Ведра, наполненные водой, тяжелы. Несколько раз я отдыхаю, ставя их. Одно — худое. В дырку на дне продет колос изнутри, но все равно вода течет: за ведром тянется тонкая струйка. Только хотел еще отдохнуть, глядь, по дороге наперерез идет Настина мать. И вот ведра показались мне вдруг легкими, я иду, совсем не качаясь. Не останавливаясь, донес воду.

Печь уже топилась. Мать мыла пшено. Я принялся мыть картошку. Нынче у нас курники с кашей, да еще лепешки на пахтанье. Проснулась было девчонка, но я быстро взял соску, свалившуюся ей почти под ноги, пожевал и дал в рот. Девчонка снова уснула.

Вот и стадо гонят. Пастухи кричат, хлопают плетьми, коровы, как всегда, ревут, бодаются, потягиваются и снова ревут. Интересно мне посмотреть на стадо со стороны. Я оставил чугун с картошкой и подошел к окну. Так и есть! Первой идет Бурлачиха, помахивая башкой, за ней — Хоря. Дальше идут все знакомые мне теперь коровы. Каждую я знаю: знаю характер ее, повадки, знаю, когда отелится, знаю даже, какую траву любит и, конечно, знаю, какое от нее молоко. Я теперь убедился, что внешность коров не всегда соответствует вкусу молока: на иную корову и глянуть тошно, а молоко от нее густое, сладкое, а вот от такой красавицы, как Хоря, молоко и есть не станешь. Оно синее, жидкое, пахнет болотной водой.

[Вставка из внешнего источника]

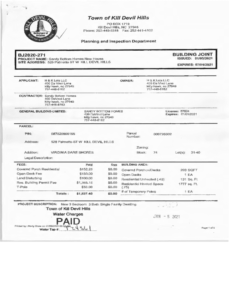 . \”\'Town of Kill Devil Hills PO BOX 1719 Kill Devil Hills, NC 27948 Phone: 2524495318 Fax: 252441 4102Planning and Inspection DepartmentBUILDING JOINTBJ2020271ISSUED: 01/05/2021PROJECT NAME: Sandy

— Куд–да! Ку–уд–да! — слышу грозные окрики старика Федора. Его удары плетью отличны от наших ударов. А вон удар и моей плети. Это отец хлопает.

Он идет той же стороной, какой хожу я, — сзади, слева.

— Куда! — кричит он, и голос у него слабый. Мне жалко его и смешно.

«Вали, вали, — думаю я, — паси. Вот тебе и «куда»! На прогоне Бурлачиха покажет тебе «куда»!

Не успеешь сгонять ее с овса. Меня‑то она боится, а на тебя и глянуть не захочет».

— Куда–а! — опять кричит отец и трусит за глазовой коровой. Лапти, из которых у него наполовину вылезла соломенная подстилка, мелькают, почти не отрываясь от земли. И весь‑то отец неуклюжий, и лицо у него калмыцкое, с опухшим носом, в который он на своем веку всадил не одну бочку нюхательного табаку.

Стадо прогнали. Улеглась пыль. Все тише и тише доносился рев, окрики, хлопанье плетьми.

Неожиданно ударил большой колокол; гул его огласил притихшее село, и эхо раздалось в далеких улицах. Не замолк еще гул, как снова, вторично ударил колокол. Еще выждал, словно сам к себе прислушиваясь, и в третий раз ударил. И вот уже пошли частые удары, и все село пришло в движение. Бабы торопливо побежали за водой или к соседям. Где‑то прогремела телега, залаяли собаки, петухи запели громче и несвязнее. Колокол все гудел, и воздух дрожал от его таинственно–величавого звона. Я люблю слушать этот звон. Забываешь все невзгоды, мысли становятся яснее, сердце как‑то добрее. Ведь всё, что еще осталось хорошего, это надежда на тот свет, на рай. В евангелии сказано ясно: «Верблюду легче пройти сквозь игольное ушко, нежели богатому войти в царствие божие». А мы — бедные! Стало быть, в рай пойдем первыми, как первой в стаде ходит корова Попадья. Мы захватим там самое хорошее место где‑нибудь возле яблонь «сахарная бель».

Про себя начинаю считать удары колокола. На пятьдесят четвертом колокол замолк. Стало быть, священник идет из дома в церковь. Вот и во «все» зазвонили. И народ уже шел улицами. Сначала старики, старухи, потом девки, парни, школьники.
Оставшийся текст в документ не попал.